Se pide que esa comisión "de modo específico examine los vínculos y conductas que un puñado de jueces, fiscales, camaristas y miembros de la Corte desviaron de las normas constitucionales afectando el Estado de Derecho en sus aspectos más esenciales como lo son la vida pública y privada de los ciudadanos, el principio de inocencia, el debido proceso y la defensa en juicio".
Moreau subrayó que ese espionaje, que "está absolutamente probado", estuvo dirigido no sólo a "figuras públicas notorias, como (la vicepresidenta) Cristina Kirchner", sino también a "otros dirigentes políticos y organizaciones no gubernamentales".
En el dictamen se señaló que "durante el Gobierno que abarcó el período 2015-2019 se utilizó el poder del Estado para implantar un plan sistemático de espionaje político ilegal como método de dominación y extorsión, al mejor estilo de la práctica mafiosa".
Puntualiza que fue "diseñado con premeditación y alevosía y en concurso con los medios de comunicación hegemónicos y el Poder Judicial, avasallaron a cientos de ciudadanos".
Pero más allá de esta mención sobre los medios de comunicación, no hubo precisiones sobre si serán investigados.
El informe considera que el "objetivo de la extorsión política y económica era claro: quebrar emocional, económica y políticamente a las víctimas seleccionadas. Se trataba de armar denuncias, difundirlas en los medios de comunicación y repetirlas hasta el hartazgo, creando así un clima de odio, rencor y revancha que justificara la intervención judicial sin que importaran las pruebas y mucho menos el debido proceso y las demás las garantías constitucionales".
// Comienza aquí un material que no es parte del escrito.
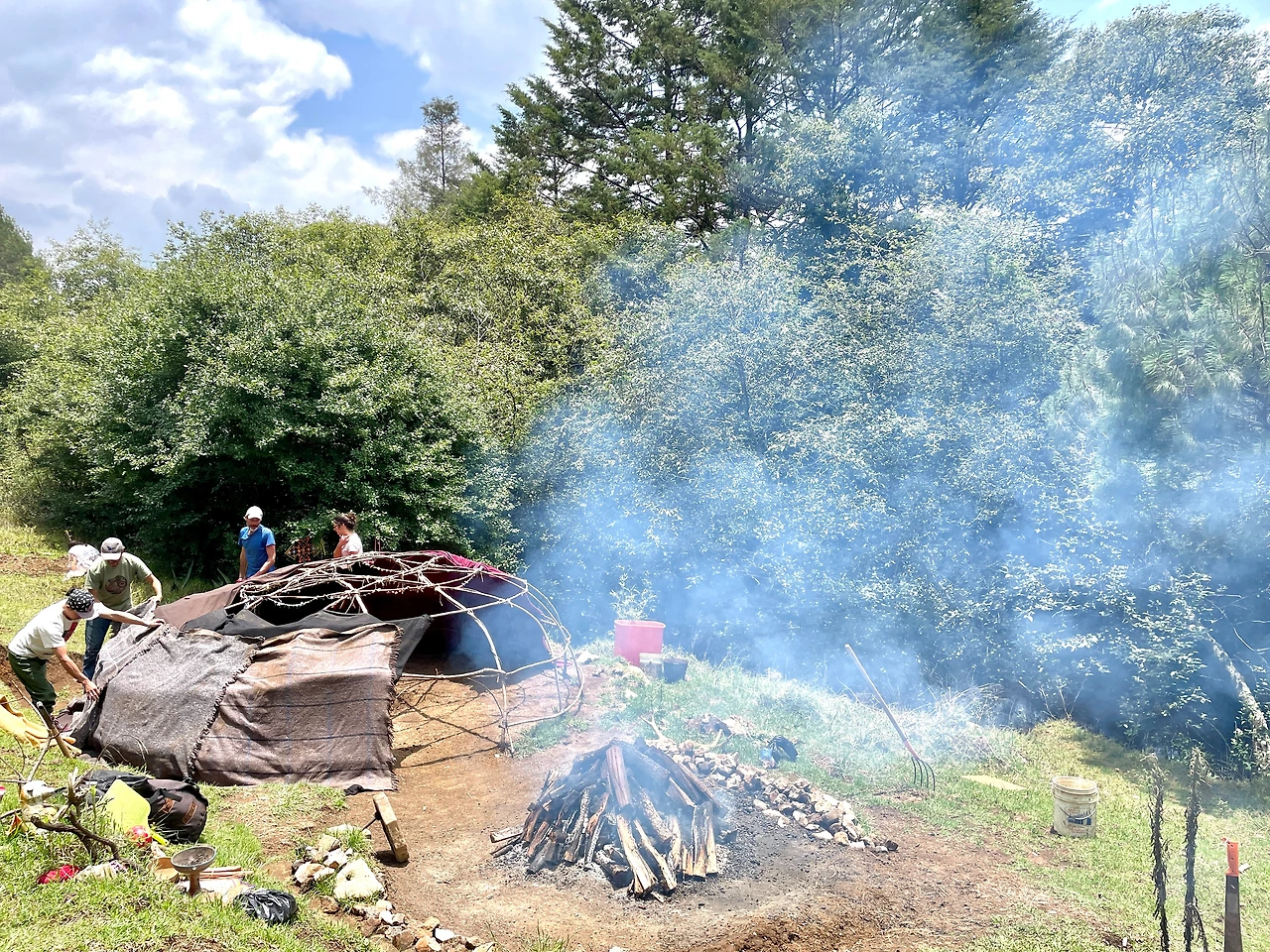 처음엔 우리나라 한증막 수준일 거라 생각하고 꽤 자신만만했다. 뭐 한증막 정도면 2시간 힘들 수 있지만 그래도 못 버틸 정도는 아니라고 생각했다. 앞에서 불을 때는 것을 구경하다가 돔 위에 매우 두터운 담요를 올리는 것을 도왔다. 전통적으론 화산암이나 각종 진흙으로 빚은 벽돌 등으로 만든 이글루 형태로 존재했지만 스페인군 침입으로 당시 대부분 떼마스칼 흔적은 모두 파괴되었다고 한다.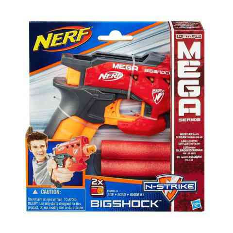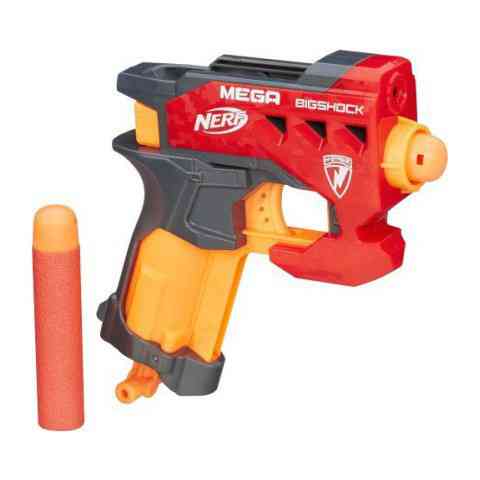 A Nerf Mega Big Shock-ra igaz az a mondás, hogy „kicsi a bors, de erős...”. Ez a látszólag kis méretű fegyver ugyanis Mega töltényeket tüzel a szó szoros értelmében. A pisztoly könnyen kezelhető, gyorsan újratölthető és felhúzható. A töltény közel 30m-es távolságra repül, így még a legmesszebbi célokat is könnyedén eltalálod majd vele. A kis méret miatt jól elrejthető és bármelyik csatába magaddal viheted akár elsődleges, akár kiegészítő fegyverként használod, biztosan megállja majd a helyét!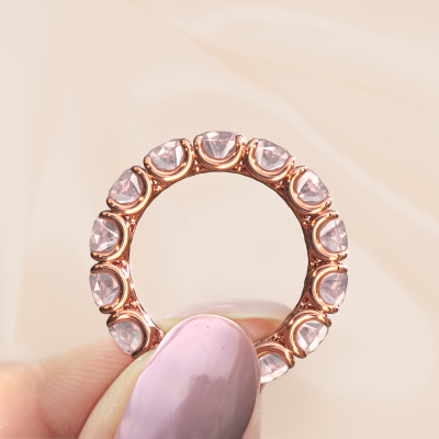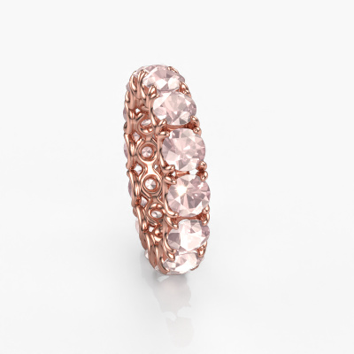 This is our Estee 4.7 ring. This specific type is called an eternity ring and it is set with a continuous line of identically cut gemstones. The ring is made in 14 Carat rose gold and is set with small morganite champagne, 4.7 mm. This rose gold Eternity ring is a perfectly beautiful and meaningful way to give your proposal that special touch. The magnificent evenly shaped morganite champagne are pave set around the ring. The identical morganite champagne are carefully selected to give the ring a maximum effect. Do keep in mind we use natural resources so small differences between stones are common. The special effect is enhanced due to precise positioning of the morganite champagne. This requires the utmost precision and a skilful hand but for our skilled artisans this is what excites them. The result is a ring with a row of morganite champagne which seem to have no beginning nor end. The perfect symbol of your love for her! Isn't she a beauty?By using our modern techniques, we can design and customize the finest quality jewels with the utmost care for you. Our rings are always priced 30 percent lower than other jewellers. We make rings to order, so we don't have to maintain a large stock. If you have a certain budget, we are more than happy to advice you accordingly.

Menciona que fueron victimas de ese plan el Instituto Patria; el submarino ARA San Juan; el Servicio Penitenciario; Pablo Barreiro; Fariña-Etchegaray; Juez Carzoglio; BrusaDovat-PDVSA; Atentado contra José Luis Vila; Pedro Etchebest; Dirigentes políticos del Norte Argentino; Gas Natural Licuado - GNL, y la expresidenta Cristina Fernández de Kirchner.
Detalla que el espionaje ilegal se produjo a través de "células armadas específicamente para ese objetivo ya que se evitó en lo posible la utilización de las estructuras profesionales preexistentes en el Estado".
"Las pruebas son concluyentes: detalladas y pormenorizadas declaraciones y confesiones de varios de los agentes que participaron y que se incluyen en los documentos que acompañan el dictamen”, agrega.
En el dictamen se destaca que "el modus operandi era ablandar, es decir extorsionar moralmente – en su buen nombre y honor - a personas a través de publicaciones, fake news y testimonios armados para que luego declaren en contra de otras, era una de las tantas tareas de las células, coordinadas con ciertos enclaves en el Poder Judicial y sectores del periodismo”.
En el ultimo tramo se afirma que "el parlamento argentino debe ser la voz de nuestros compatriotas que quieren volver a decir NUNCA MAS a estos 'sótanos de la democracia' para asegurarse, definitivamente, vivir en paz y libertad”.
En conclusión, el método denunciado es lo que Cristina instaló como “lawfare o guerra jurídica”, que según el informe consiste en “el ataque contra opositores -reales o potenciales- a través de la manipulación del Poder Judicial -como máscara de legalidad- en perfecta sincronización con los medios de comunicación hegemónicos”.